§ What needs to be done
A faithful transcription of all the entries below is needed, without the pictures.
Data shown Start Marker
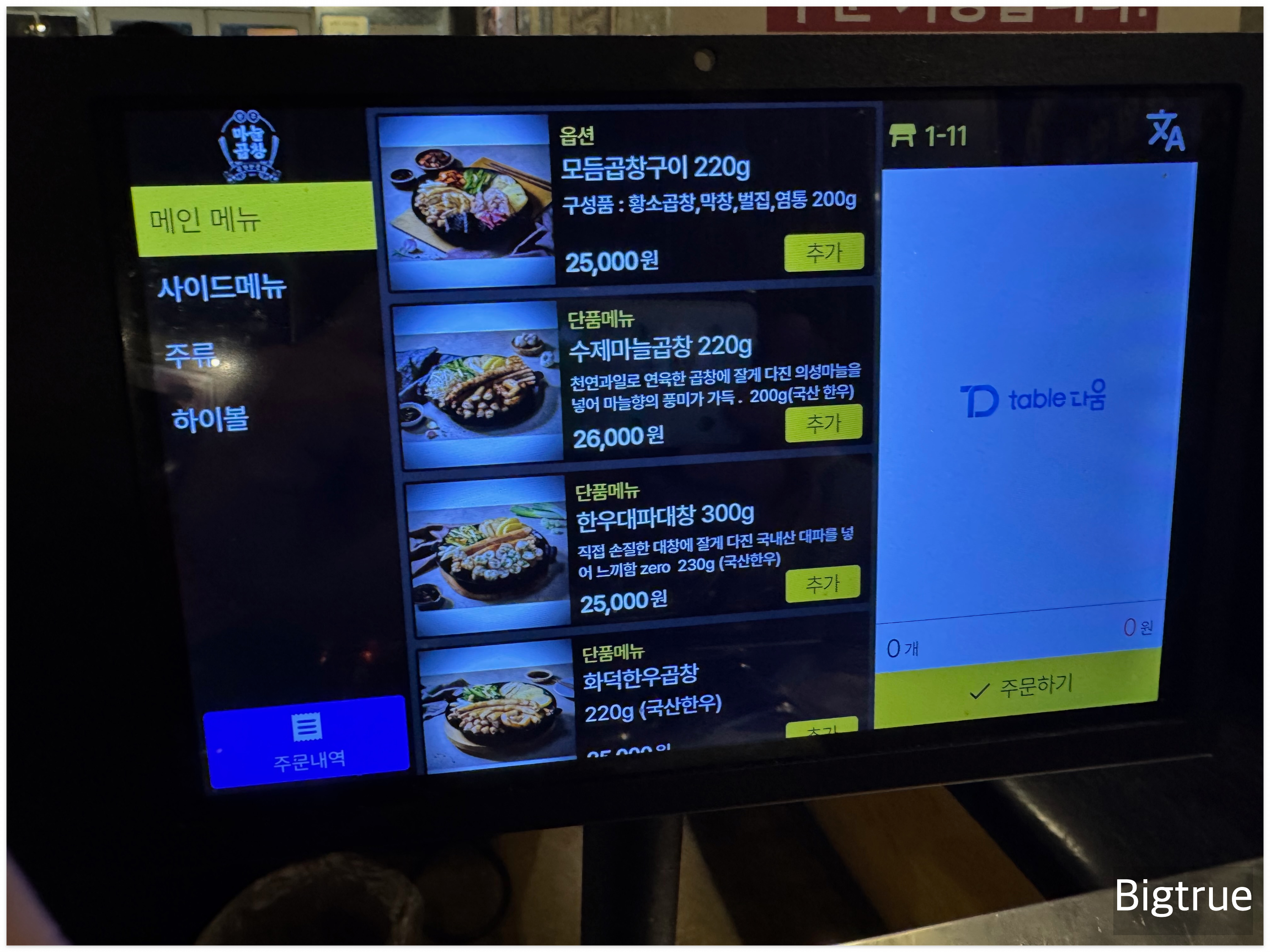 마늘곱창이 메인이라면,
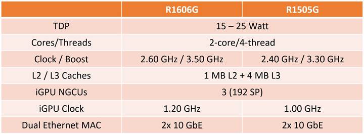 Bazı kaynaklar tahlilin Ryzen 2 tabanlı olduğunu belirtse de 14nm üretim sürecine vurgu yapılması birinci kuşağın temel alındığını gösteriyor. Zaten V1000 tahlilinden daha düzgün olmadığı tabir edilmişti. Seride iki model var ve yalnızca saat frekansları biraz farklı. 15W-25W ortasında değişen termal tasarım gücü fansız sistemlerde 12W düzeyine de inebiliyor.
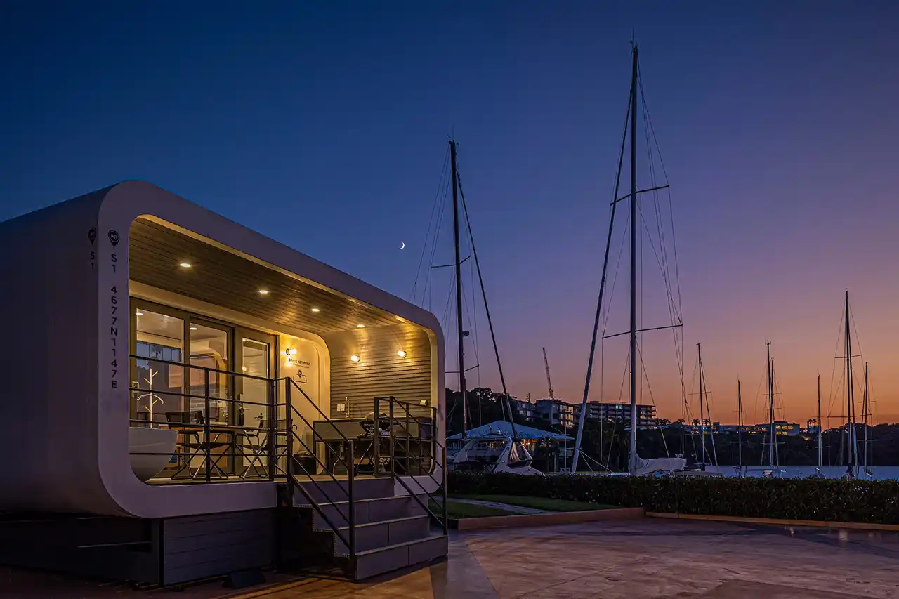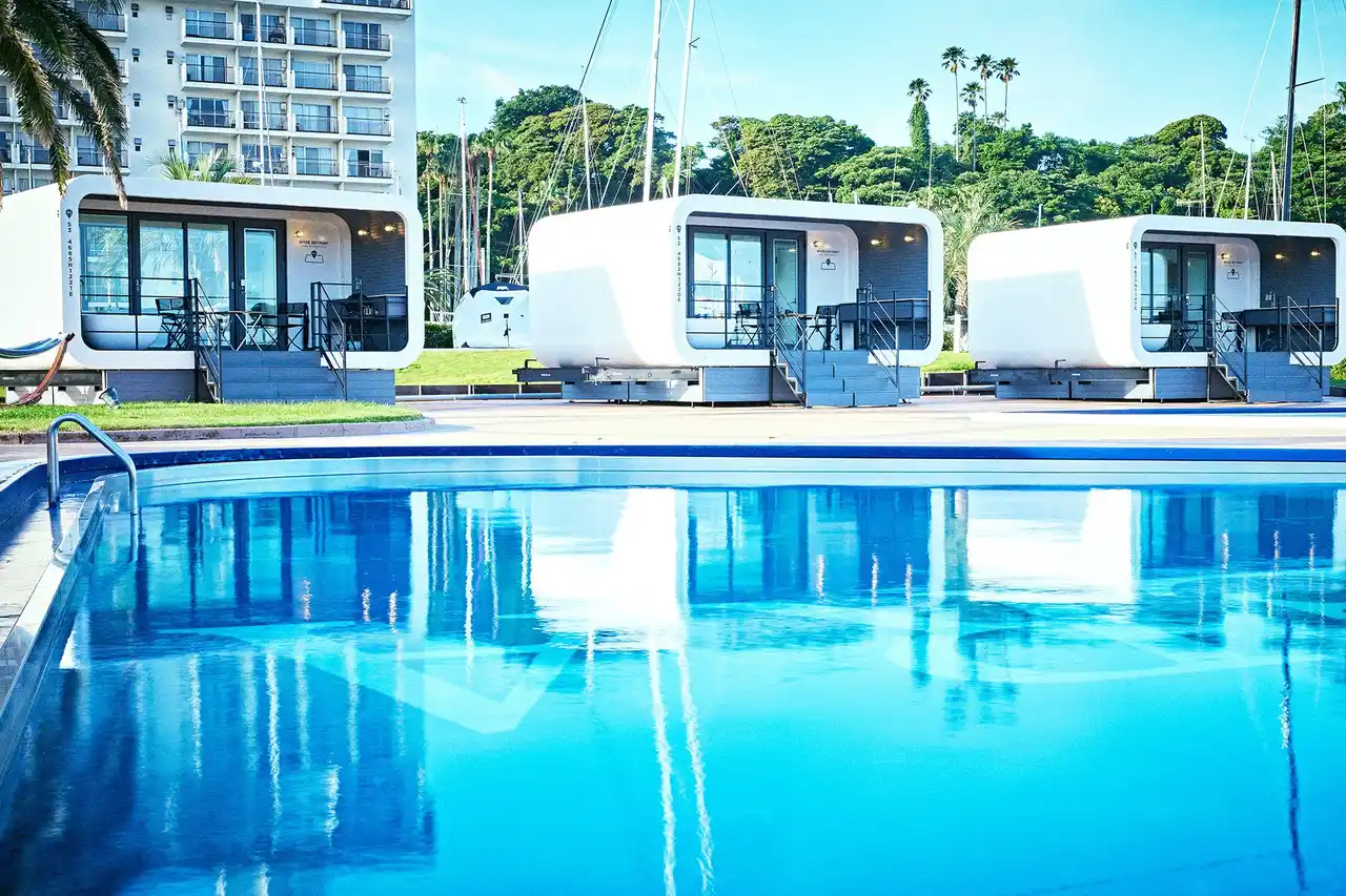 オーシャングランピング宿泊施設「スペースキーポイント」。完全貸切制のテントサウナでハーバー越しのサンセットと富士山に癒されながらととのう極上時間や、焚火を囲んでのスモアやプライベートデッキでの鍋など、冬ならではのグランピングをご堪能いただけます。 |
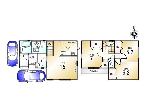 | 間取り詳細 | LDK15畳(1F)、洋7畳(2F)、洋6.2畳(2F)、洋5.2畳(2F) | 都市計画 | 市街化区域 |
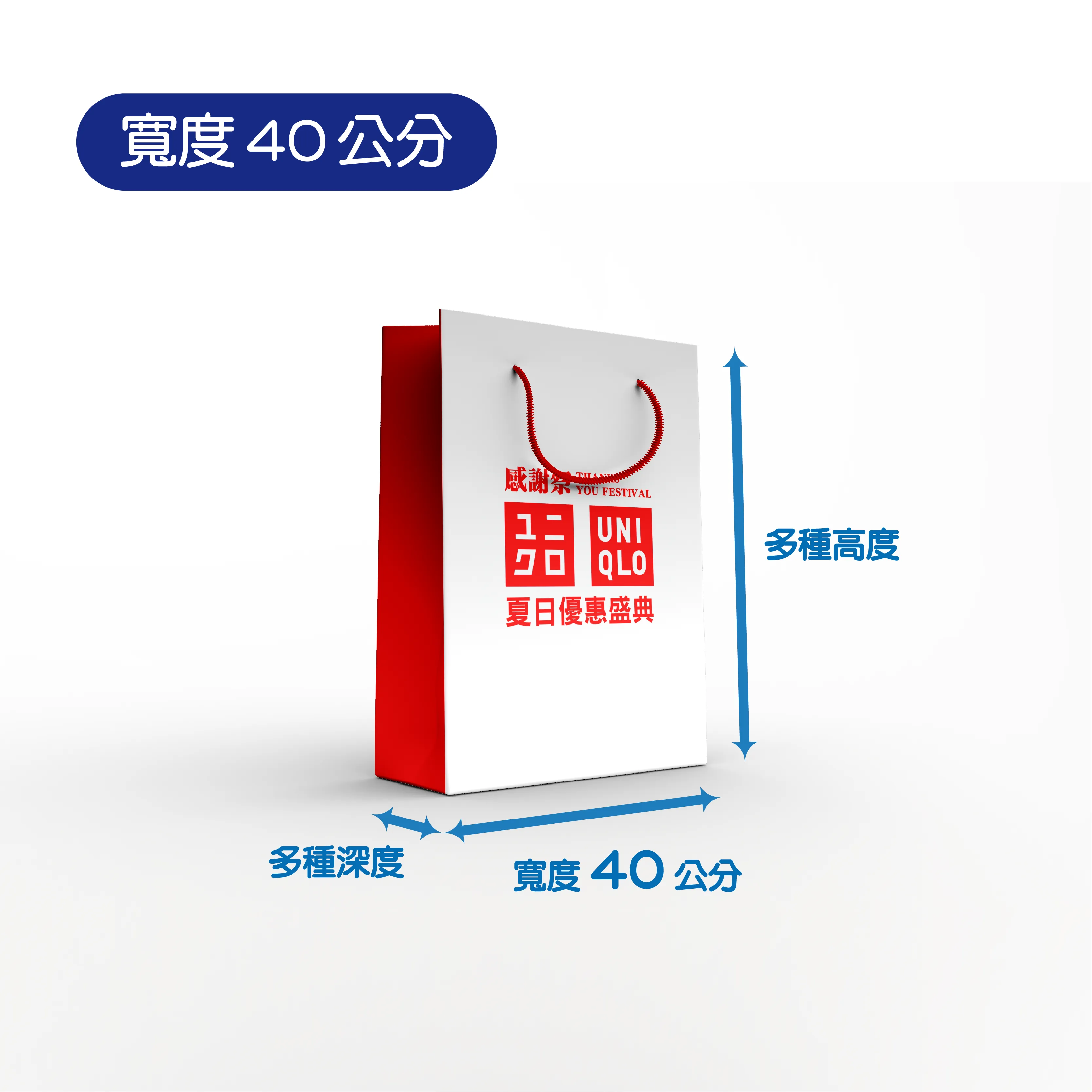 - 棉繩長度為 30 公分,若要改為 60 公分(可肩背),每個手提袋加收 6 元。
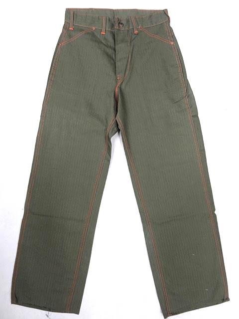 - ビンテージ 40S~50S 希少 デッドストック リベット 股リベ ドーナツ ボタン HBT 緑 グリーン ワーク パンツ レア ヘリンボーン オレンジ
Data shown End Marker
§ Completed exercise
 마늘곱창이 메인이라면,
 Bazı kaynaklar tahlilin Ryzen 2 tabanlı olduğunu belirtse de 14nm üretim sürecine vurgu yapılması birinci kuşağın temel alındığını gösteriyor. Zaten V1000 tahlilinden daha düzgün olmadığı tabir edilmişti. Seride iki model var ve yalnızca saat frekansları biraz farklı. 15W-25W ortasında değişen termal tasarım gücü fansız sistemlerde 12W düzeyine de inebiliyor.
 オーシャングランピング宿泊施設「スペースキーポイント」。完全貸切制のテントサウナでハーバー越しのサンセットと富士山に癒されながらととのう極上時間や、焚火を囲んでのスモアやプライベートデッキでの鍋など、冬ならではのグランピングをご堪能いただけます。 |
 | 間取り詳細 | LDK15畳(1F)、洋7畳(2F)、洋6.2畳(2F)、洋5.2畳(2F) | 都市計画 | 市街化区域 |
 - 棉繩長度為 30 公分,若要改為 60 公分(可肩背),每個手提袋加收 6 元。
 - ビンテージ 40S~50S 希少 デッドストック リベット 股リベ ドーナツ ボタン HBT 緑 グリーン ワーク パンツ レア ヘリンボーン オレンジ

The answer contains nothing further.